- Born: Jennifer DiNoia February 23, 1982 (age 43) Meriden, Connecticut
- Education: Francis T. Maloney High School Point Park University
- Occupations: Actress, Singer, Dancer
- Known for: Playing Elphaba in Wicked since 2007
- Children: 1

= Jennifer DiNoia =

American singer and actress (born 1982)

Jennifer "Jenny" DiNoia (born February 23, 1982) is an American singer and stage actress. She is best known for her work in musical theatre, especially Wicked, playing the lead role of Elphaba in various productions around the world.

==Career==

===Early life and training===
Jennifer DiNoia was born (and raised) in Meriden, Connecticut, on February 23, 1982. She began dancing at the age of 3, and at 6 years old, took part in a national tour of Rodgers and Hammerstein's The King and I. She continued to dance and sing through her youth, and eventually began attending Point Park University in Pittsburgh, majoring in dance. After taking a summer internship at the Broadway Dance Center, DiNoia opted to move to New York City in search of stage work, primarily as a dancer.

===Personal life===
Jennifer has a daughter named Joules Simeone Stassi. Joules was born on November 10, 2015, through caesarean section.

===Stage work===
DiNoia's first professional credit came when she was cast on the U.S. national tour of Mamma Mia!. She appeared in the ensemble, as well as providing cover for the role of Ali. In 2003, while on the Mamma Mia tour, DiNoia was inspired after hearing "Defying Gravity", the signature song from the recently released musical Wicked, and took her first professional singing lessons. In the Summer of 2004, DiNoia joined the Las Vegas production of We Will Rock You, appearing as part of the original American cast in the ensemble and later as understudy for the lead role Scaramouche.

==Wicked==
After leaving We Will Rock You, DiNoia auditioned for Wicked, and was cast in the Chicago production, initially as a swing. She learned all nine dance parts and became emergency cover for the lead role of Elphaba. She officially became the standby for Elphaba in October 2007, providing cover for Dee Roscioli and then Lisa Brescia. DiNoia remained with the Chicago company until it closed on January 25, 2009, after at least 1,500 performances.

Following the closure, DiNoia transferred to the Broadway production of Wicked, taking over the role of Elphaba standby from Julie Reiber. In the November of the same year, DiNoia travelled to Sydney, Australia to provide emergency standby for Elphaba for one month, departing in December 2009. DiNoia returned to the Broadway company, and remained the Elphaba standby until August 2011, when she was replaced by Donna Vivino.
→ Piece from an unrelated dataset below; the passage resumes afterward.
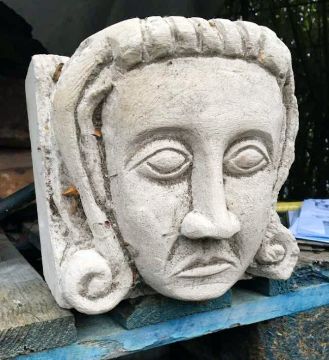 Modern carvings in Beer limestone by the cathedral works department A pair of grotesque heads Carved 2010/11 by cathedral mason Gary Morley Heights: 20 & 18cm Width (both): 20cm These are recent carvings that were experiments by the Exeter Cathedral Stonemasons, which led on to new carvings for the presbytery and choir corbel table.

In June 2012, DiNoia returned to Wicked, this time with the Asian touring company. She appeared as an alternate Elphaba, performing in Seoul, South Korea when the lead Elphaba, Jemma Rix, was unavailable. This marked the third country that DiNoia had played Elphaba in. In October 2012, she briefly returned to the role as Elphaba standby in the Broadway company, before Vivino returned to the role one month later.

After appearing in Wicked in various roles for over six years, DiNoia finally was cast in the lead role of Elphaba on April 3, 2013, replacing Christine Dwyer on the "Munchkinland Tour" - the second national touring company. She appeared alongside Hayley Podschun, who played the role of Glinda. Both she and Podschun exited the company on March 31, 2014. DiNoia was replaced by Laurel Harris, while Podschun was replaced by Kara Lindsay. Later in 2014, DiNoia performed "Defying Gravity" at the opening ceremony of the 2014 Special Olympics in New Jersey. She then again served as temporary Elphaba standby on Broadway, before Lilli Cooper could take on the role.

In September 2014, DiNoia was revealed to be the next lead Elphaba in the West End production of Wicked. She became the second American to appear as Elphaba in London, following the original lead Idina Menzel, while the United Kingdom became the fourth country that DiNoia had played Elphaba in. She officially replaced Kerry Ellis on 27 October 2014, appearing opposite Savannah Stevenson as Glinda. Her limited engagement in London came to an end on 31 January 2015, when she was replaced by Elphaba standby Emma Hatton.

In February 2015 DiNoia joined the 1st national tour of Wicked in Los Angeles, CA for a limited four-week engagement, following the unexpected sudden departure of Elphaba actress Emma Hunton. She was part of the tour's final cast, and her run ended on March 15 when the tour closed after almost ten years on the road.

Following the closure of Wickeds 1st national tour, it was announced that DiNoia would be succeeding Christine Dwyer as temporary lead Elphaba in the Broadway production, at the Gershwin Theatre, starting on March 19, 2015. She played the role for 3 weeks until Caroline Bowman returned to the role after a break of almost 2 months.

On August 1, 2016, she rejoined the Broadway production of Wicked, replacing Rachel Tucker as lead Elphaba. She remained with the show until July 29, 2017, and was succeeded by Jackie Burns. DiNoia returned to the Broadway production on June 4, 2019, again becoming the standby for Elphaba.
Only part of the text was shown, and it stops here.